Powell To Step Down Over Iraq

"Armitage recently told national security adviser Condoleezza Rice that he and Powell will leave on Jan. 21, 2005, the day after the next Presidential inauguration," sources close to the conversation told The Washington Post.

Citing sources, who requested anonymity, the daily said that Bush is expected to appoint hard-liners to take the helm of the world’s sole superpower’s foreign policy, noting that Rice and deputy Secretary of Defense Paul Wolfowitz are the leading candidates for drafting the U.S. foreign policy in the days ahead.

"Although Bush appears to value the range of opinions he has received from his chief national security advisers, he may feel free if he wins a second term to realign his foreign policy more closely to the harder-edged, conservative view exemplified by Vice President Cheney and Defense Secretary Donald H. Rumsfeld," the Post quoted Zbigniew Brzezinski, President Jimmy Carter’s national security adviser, as saying.

Bush recently named Rice as his personal representative on the Middle East conflict, a move that some State Department officials view as an audition for Secretary of State.

Rice "is an honest, fabulous person, and America is lucky to have her service, period," the daily quoted Bush as saying at a news conference before departing for his August vacation.

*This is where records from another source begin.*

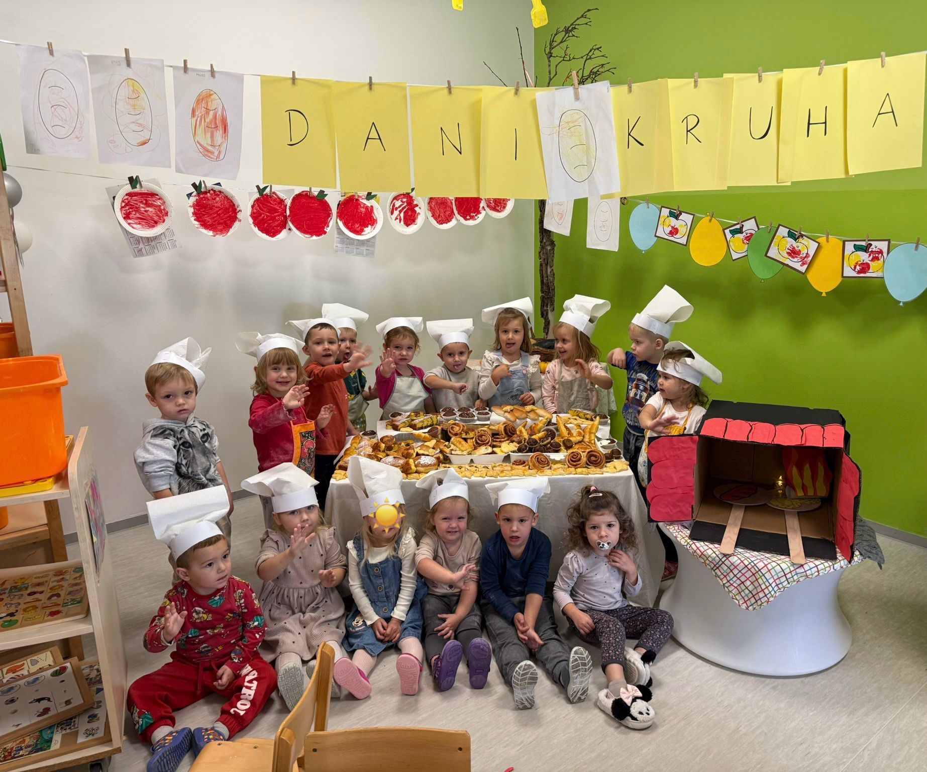 Gospođa Robertina djeci je pokazala kako se priprema i peče tijesto te otkrila male tajne nastanka mirisnih klipića i finih pereca. Djeca su s oduševljenjem promatrala, mijesila i oblikovala svoje male pekarske proizvode, a kasnije su cijelim vrtićem zamirisali svježe pečeni proizvodi.
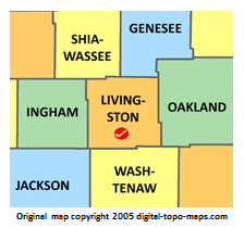 | current | ★ Approved revision 14:23, 22 October 2018 | 224 × 210 (19 KB) | Bethcottam (talk | contribs) | Map courtesy of [https://www.digital-topo-maps.com/county-map/michigan.shtml]. Copyright 2005.<br> Category:Michigan Maps Category:Livingston County, Michigan |
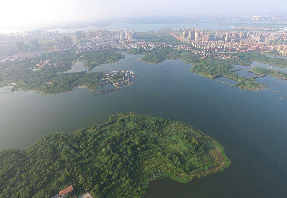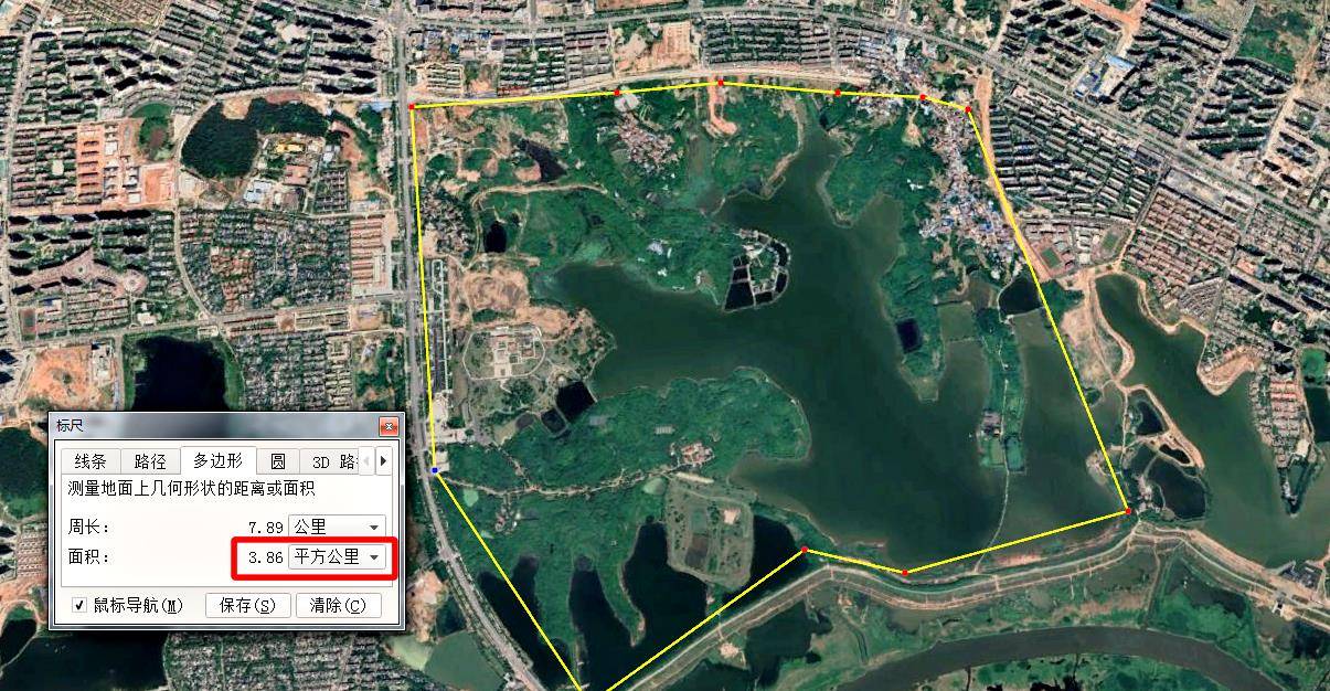 小编在卫星地图上测量了一下,盘龙城遗址公园面积巨大(北抵太和小区,西面是盘龙大道,南侧为府河,东侧为规划中的盘龙三路南延长线),接近4平方公里,水面占了一半,陆地深入湖泊,产生了许多的半岛,如果建设好了,景色相当美丽。
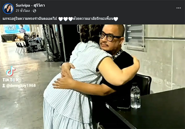 หนูแหม่มยังได้เขียนข้อความสุดซึ้งว่า “แกจะอยู่ในความทรงจำฉันตลอดไป ด้วยความอาลัยรักนะเพื่อน” หลังโพสต์ดังกล่าวเผยแพร่ออกไป ได้มีคนในวงการบันเทิงและแฟนคลับเข้ามาร่วมแสดงความเสียใจเป็นจำนวนมาก
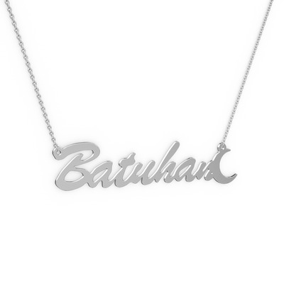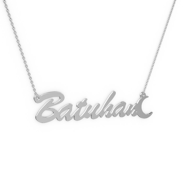 14 ayar beyaz altın kolye (7 karakterli el yazısı, 40 cm beyaz altın rolo zincir)
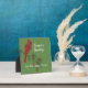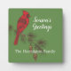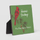 Stylish holiday tabletop art plaque features Red cardinal bird on pine branch with customizable text
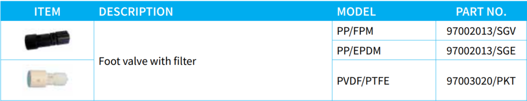 Kimyasallara son derece dayanıklı PVDF malzemeden üretilmiştir. Dozaj tankı gibi bir kimyasal kabın içine kalıcı olarak daldırılmak üzere tasarlanmıştır. Dozaj pompasına bağlantı, dozaj borusunun üzerine sıkıca kapatılarak dozaj pompasına bir rota sağlar.
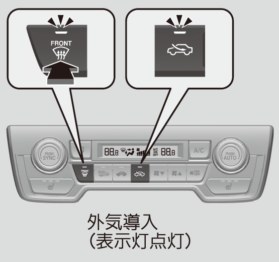 を押すとエアコンが作動し、自動的に外気導入に切り換わります。
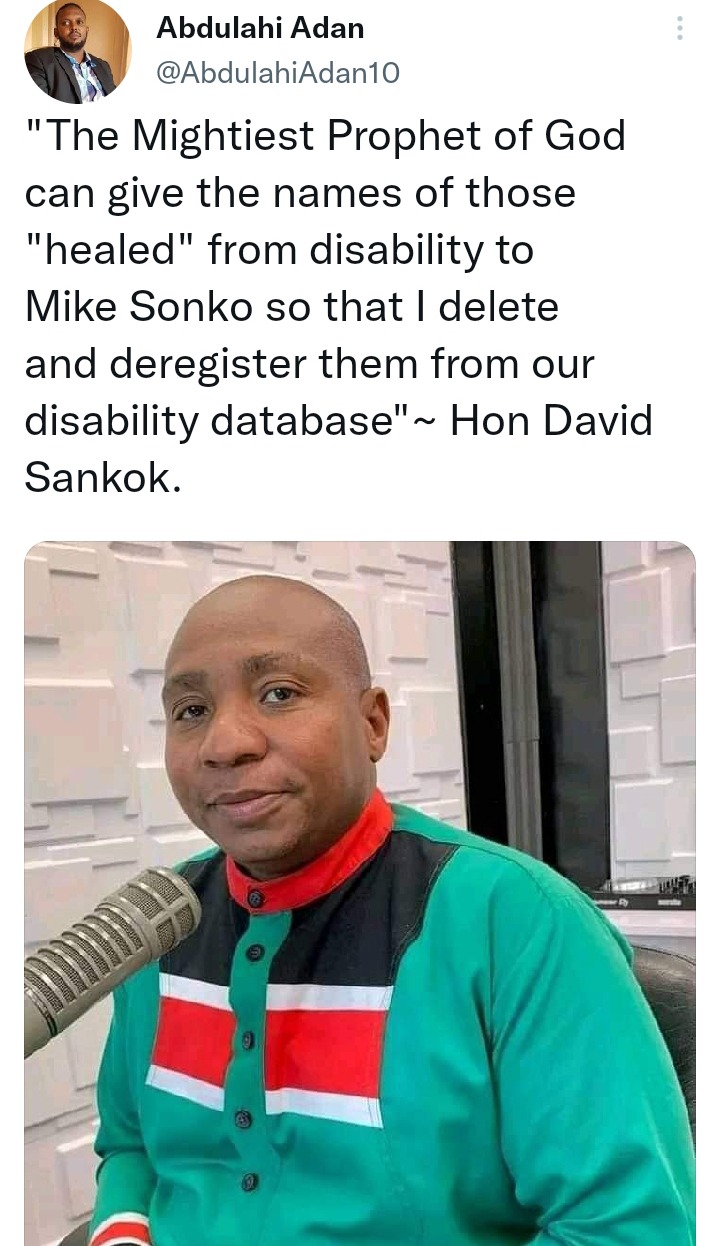 "The Mightiest Prophet of God can give the names of those "healed" from disability to Mike Sonko so that I delete and deregister them from our disability database"~ Hon David Sankok.
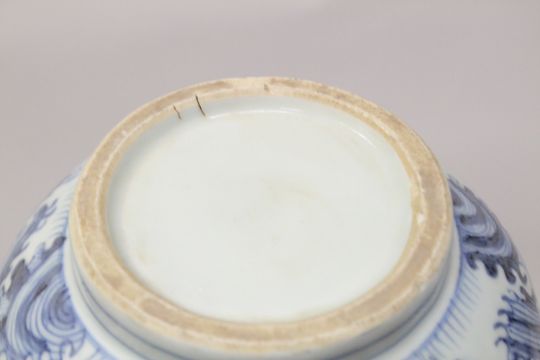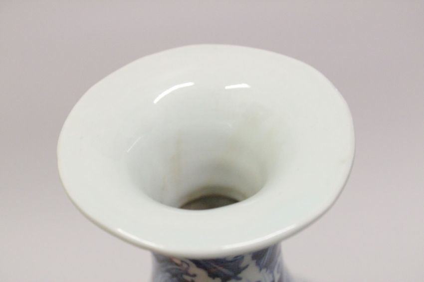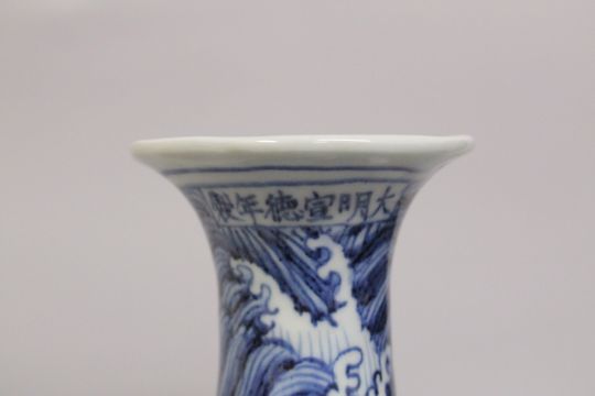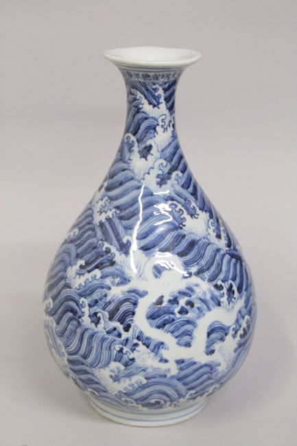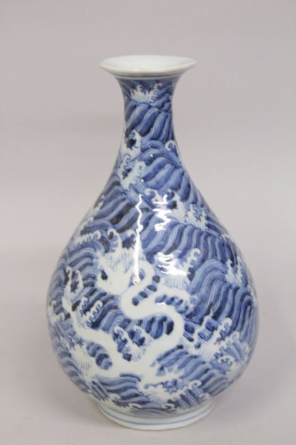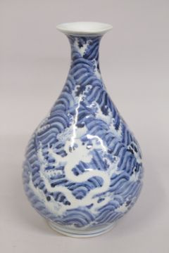 A CHINESE BLUE AND WHITE PORCELAIN DRAGON VASE, decorated with white dragons on a pattern of stylised waves, 30cm high.
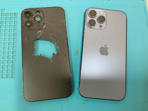 iPhone13ProMaxの修理です。背面ガラスが割れてしまったとの症状でしたが、バックガラスパネル交換で無事に復旧!
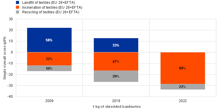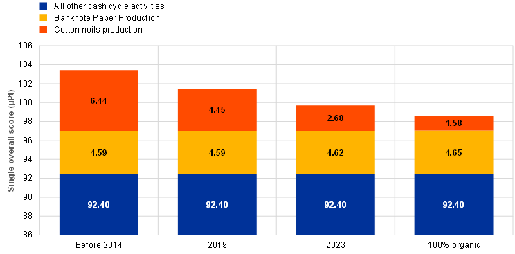 The single overall score for this euro PEF study, obtained after normalising and weighting the results calculated for the 16 impact categories considered in the PEF methodology,[23] is 101 µPt, which is a very low score (each impact category’s contribution to the single overall score of 101 µPt is shown as a percentage in Annex C). Furthermore, the environmental impact has improved since the Eurosystem conducted the LCA study to assess the environmental impact of the first series of euro banknotes in 2004.
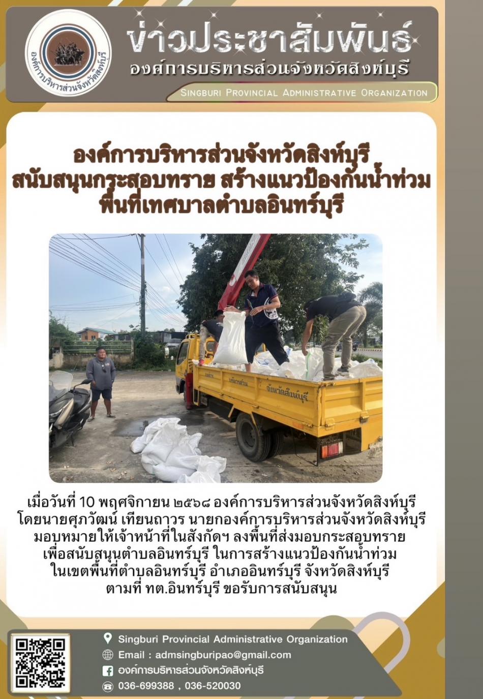 องค์การบริหารส่วนจังหวัดสิงห์บุรี สนับสนุนกระสอบทราย สร้างแนวป้องกันน้ำท่วม พื้นที่เทศบาลตำบลอินทร์บุรี [10 พฤศจิกายน 2568]
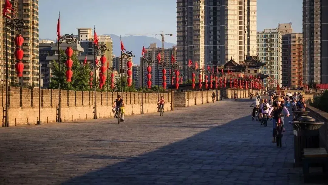 下午登西安城墙,首选永宁门入口,此时旅行团大军渐退,光线柔和绵长,租一辆自行车缓缓骑行,看夕阳漫洒在千年城墙上,晚风轻拂,感受古都的静谧与壮阔,远比白天人挤人舒心太多。
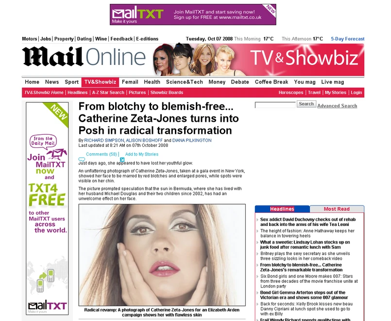 Do zdjęcia numer jeden brytyjska aktorka Catherine Zeta-Jones pozuje fotoreporterom na eleganckim przyjęciu w Nowym Jorku, na które przyszła wraz ze swym mężem Michaelem Douglasem. Jej makijaż jest taki, jaki zazwyczaj robi, szykując się na przyjęcia - na tyle słaby, że nie przykrywa szpetnych plam, krost i rozszerzonych porów ani rozległych przebarwień na policzkach. 39-letnia Zeta-Jones wygląda do tego stopnia źle, że dziennikarze bulwarówek rozpoczęli spekulacje, co się stało. Może to słońce Bermudów, na których aktorka mieszka z rodziną od sześciu lat, tak zniszczyło znaną z nieskazitelnego wyglądu skórę Catherine?

But Rice’s image has been tarnished by the fallout over the administration’s use of faulty intelligence about Iraq’s weapons, raising questions about her scrutiny of the materials and the veracity of her public statements.

The Post also named Sen. Richard G. Lugar (R-Ind.), the centrist chairman of the Foreign Relations Committee who is a strong supporter of Powell, as one of the most likely candidates for the department of state.

Senate Democrats said that Wolfowitz is considered more of a strategic thinker than a manager that he could be tapped as Rice’s replacement as national security adviser if she became secretary of state, the daily added.

‘Embarrassed’

Although Powell had told his close associates that the resignation was due to "a commitment made to my wife" rather than any dismay at the administration’s foreign policy or Iraq’s alleged WMDs, analysts see that Powell has been embarrassed by the failure to find much evidence of chemical, biological or nuclear weapons programs.

In February, Powell presented a much-anticipated report on Iraq to the U.N. Security Council, but no clear-cut evidence was available in the passionate hour-long presentation, that included vague "intercepted" phone calls, space images and video-clips.

The daily further said that Director of Central Intelligence George Tenet, who is already the third longest serving CIA chief, is expected to quit soon, particularly after he had admitted on July 11 in a surprise move that he was to blame for the key error that President Bush had included in his January 28 State of the Union Address to Congress, that Iraq was trying to procure nuclear material from Africa, and of course for allowing Bush to mislead the American people.

The Post said that Rep. Porter J. Goss (R-Fla.), chairman of the House Permanent Select Committee on Intelligence and a former CIA case officer, is considered a strong possibility to replace Tenet.

Almost four months into the end of the U.S.-led war on Iraq, the U.S. and its closes ally the U.K. now face credibility problems after insisting all along that the Arab country’s WMDs posed an imminent security threat.